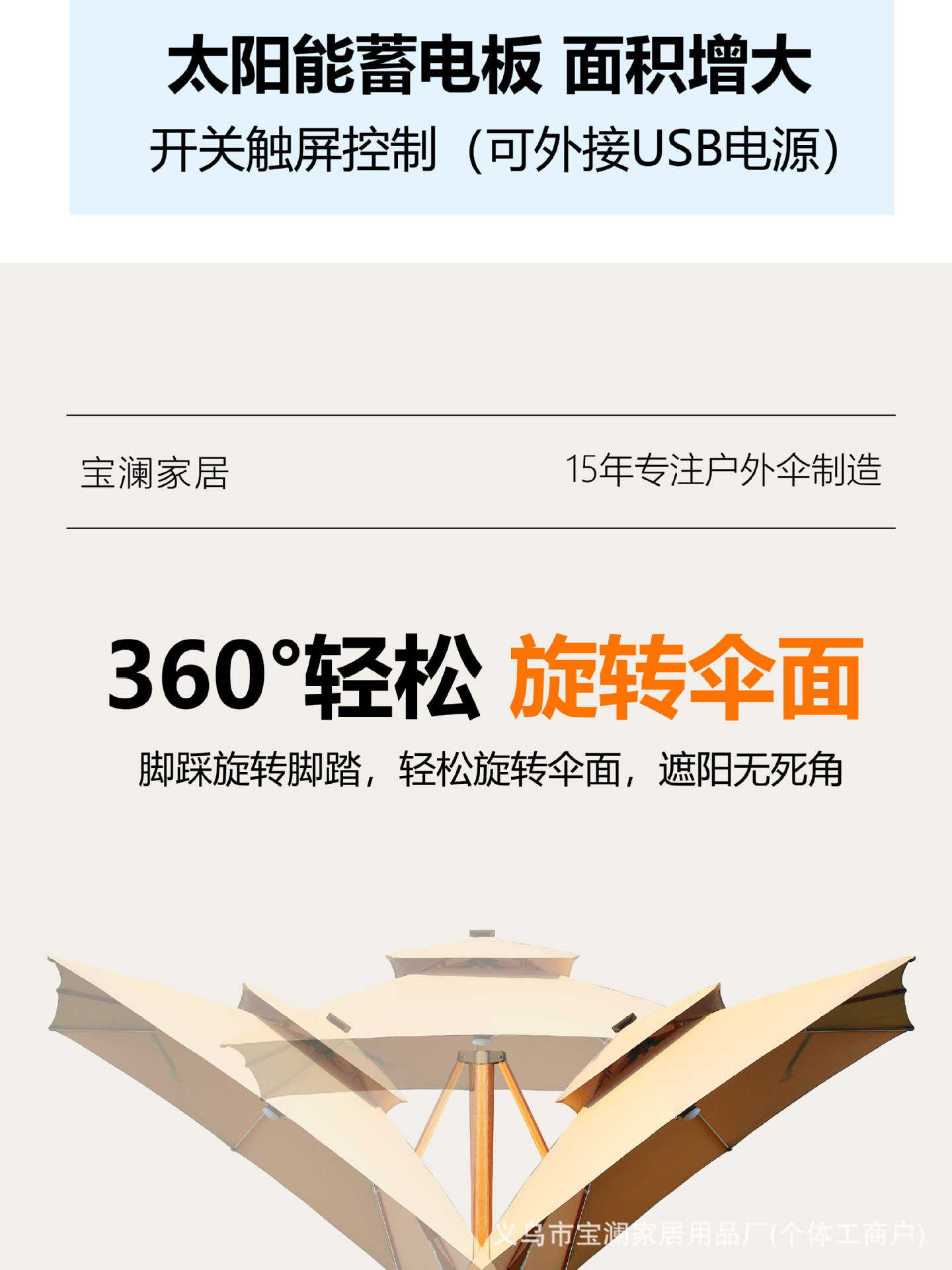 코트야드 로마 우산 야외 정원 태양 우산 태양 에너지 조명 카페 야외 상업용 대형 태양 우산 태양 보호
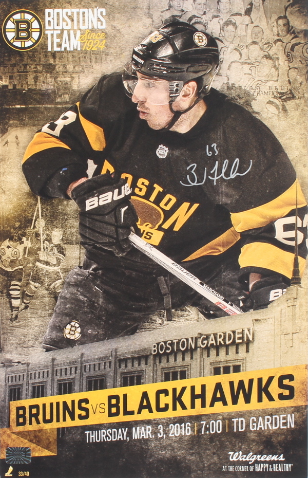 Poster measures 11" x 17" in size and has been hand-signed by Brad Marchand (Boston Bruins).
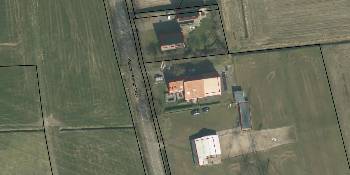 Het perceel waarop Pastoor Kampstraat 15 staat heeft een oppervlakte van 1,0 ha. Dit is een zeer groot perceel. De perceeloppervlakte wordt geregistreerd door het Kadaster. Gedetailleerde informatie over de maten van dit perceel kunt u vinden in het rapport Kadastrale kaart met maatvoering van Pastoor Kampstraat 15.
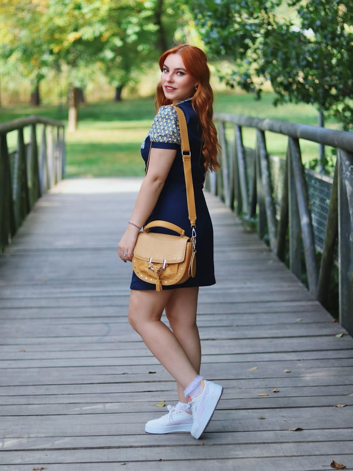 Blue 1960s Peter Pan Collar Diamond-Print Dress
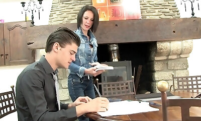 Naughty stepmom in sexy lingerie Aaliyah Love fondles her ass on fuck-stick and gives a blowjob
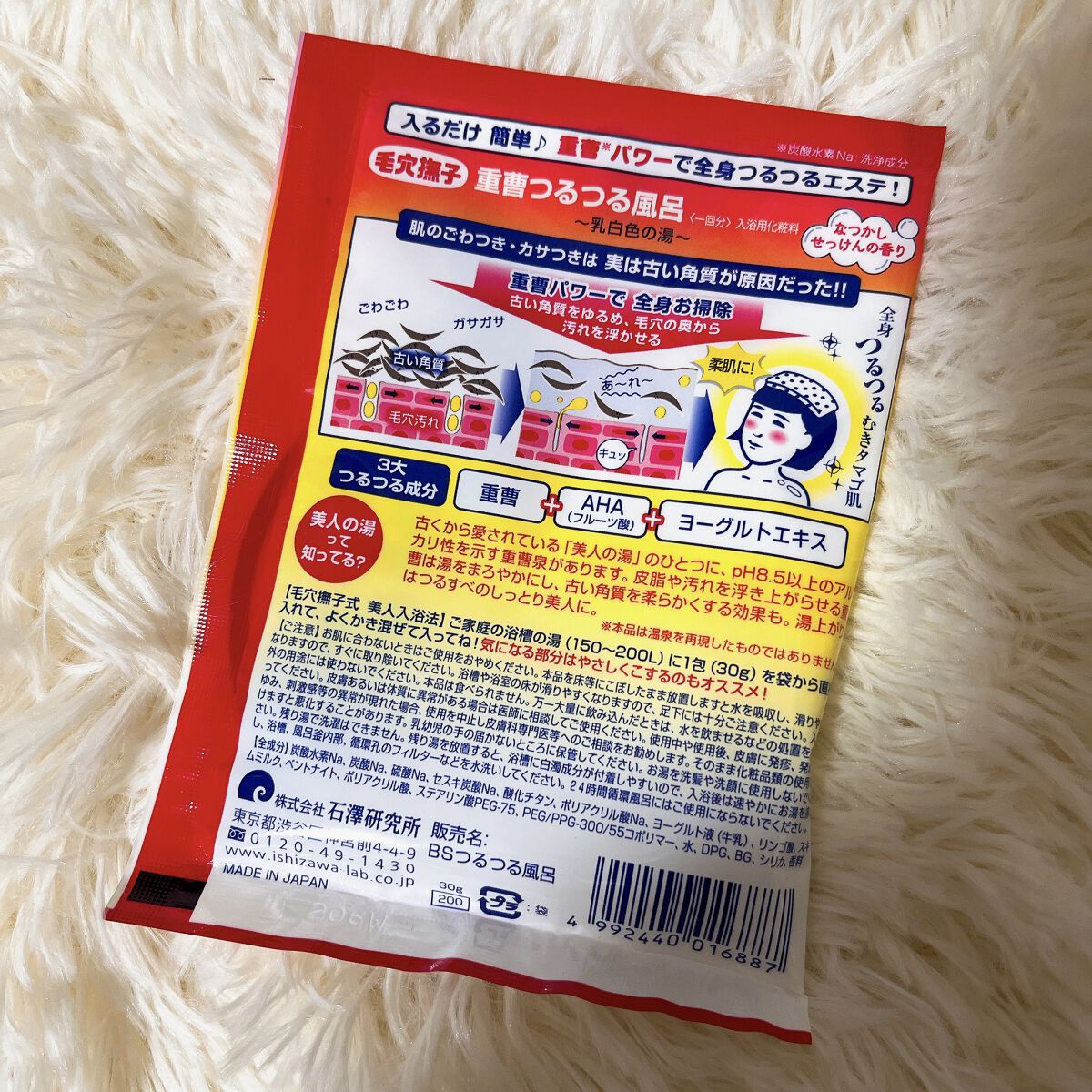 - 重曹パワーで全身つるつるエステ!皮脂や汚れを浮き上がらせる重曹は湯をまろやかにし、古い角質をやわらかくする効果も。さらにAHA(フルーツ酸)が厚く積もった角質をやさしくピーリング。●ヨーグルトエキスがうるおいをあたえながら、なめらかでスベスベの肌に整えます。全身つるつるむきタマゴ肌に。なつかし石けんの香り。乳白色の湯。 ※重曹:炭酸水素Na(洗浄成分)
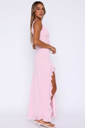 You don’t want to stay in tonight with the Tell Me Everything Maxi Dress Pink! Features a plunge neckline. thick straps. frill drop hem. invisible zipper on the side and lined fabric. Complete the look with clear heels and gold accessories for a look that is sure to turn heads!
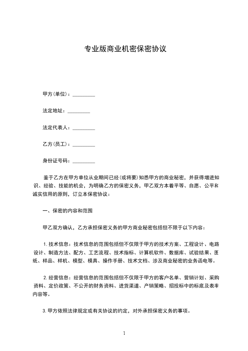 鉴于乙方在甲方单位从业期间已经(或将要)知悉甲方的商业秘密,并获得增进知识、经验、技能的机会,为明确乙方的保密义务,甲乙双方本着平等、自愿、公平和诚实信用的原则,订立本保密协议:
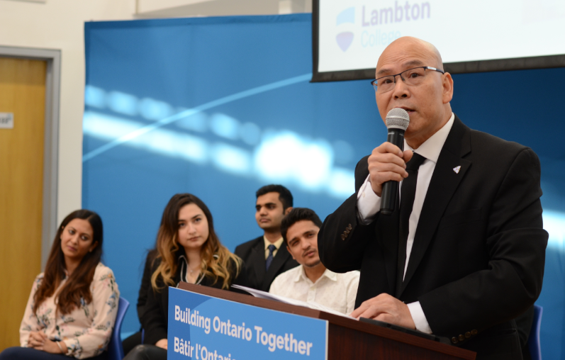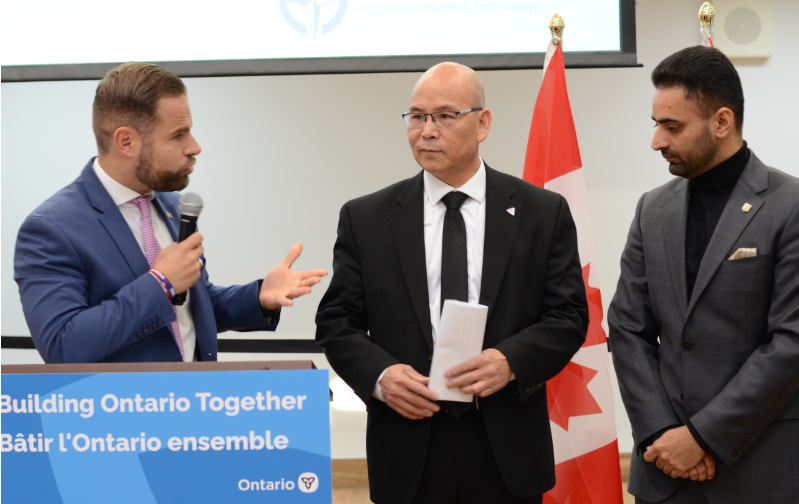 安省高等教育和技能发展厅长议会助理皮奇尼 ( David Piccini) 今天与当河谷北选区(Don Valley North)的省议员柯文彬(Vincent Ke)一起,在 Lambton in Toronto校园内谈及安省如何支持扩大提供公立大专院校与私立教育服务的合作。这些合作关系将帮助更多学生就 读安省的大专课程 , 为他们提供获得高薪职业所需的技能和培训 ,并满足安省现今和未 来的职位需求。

= = = = = = =

• _ASSIGNMENT_:
Retype all of the material above precisely as it reads. Pictures are not part of the copy.

• _FINISHED TASK_:
 코트야드 로마 우산 야외 정원 태양 우산 태양 에너지 조명 카페 야외 상업용 대형 태양 우산 태양 보호
 Poster measures 11" x 17" in size and has been hand-signed by Brad Marchand (Boston Bruins).
 Het perceel waarop Pastoor Kampstraat 15 staat heeft een oppervlakte van 1,0 ha. Dit is een zeer groot perceel. De perceeloppervlakte wordt geregistreerd door het Kadaster. Gedetailleerde informatie over de maten van dit perceel kunt u vinden in het rapport Kadastrale kaart met maatvoering van Pastoor Kampstraat 15.
 Blue 1960s Peter Pan Collar Diamond-Print Dress
 Naughty stepmom in sexy lingerie Aaliyah Love fondles her ass on fuck-stick and gives a blowjob
 - 重曹パワーで全身つるつるエステ!皮脂や汚れを浮き上がらせる重曹は湯をまろやかにし、古い角質をやわらかくする効果も。さらにAHA(フルーツ酸)が厚く積もった角質をやさしくピーリング。●ヨーグルトエキスがうるおいをあたえながら、なめらかでスベスベの肌に整えます。全身つるつるむきタマゴ肌に。なつかし石けんの香り。乳白色の湯。 ※重曹:炭酸水素Na(洗浄成分)
 You don’t want to stay in tonight with the Tell Me Everything Maxi Dress Pink! Features a plunge neckline. thick straps. frill drop hem. invisible zipper on the side and lined fabric. Complete the look with clear heels and gold accessories for a look that is sure to turn heads!
 鉴于乙方在甲方单位从业期间已经(或将要)知悉甲方的商业秘密,并获得增进知识、经验、技能的机会,为明确乙方的保密义务,甲乙双方本着平等、自愿、公平和诚实信用的原则,订立本保密协议:
 安省高等教育和技能发展厅长议会助理皮奇尼 ( David Piccini) 今天与当河谷北选区(Don Valley North)的省议员柯文彬(Vincent Ke)一起,在 Lambton in Toronto校园内谈及安省如何支持扩大提供公立大专院校与私立教育服务的合作。这些合作关系将帮助更多学生就 读安省的大专课程 , 为他们提供获得高薪职业所需的技能和培训 ,并满足安省现今和未 来的职位需求。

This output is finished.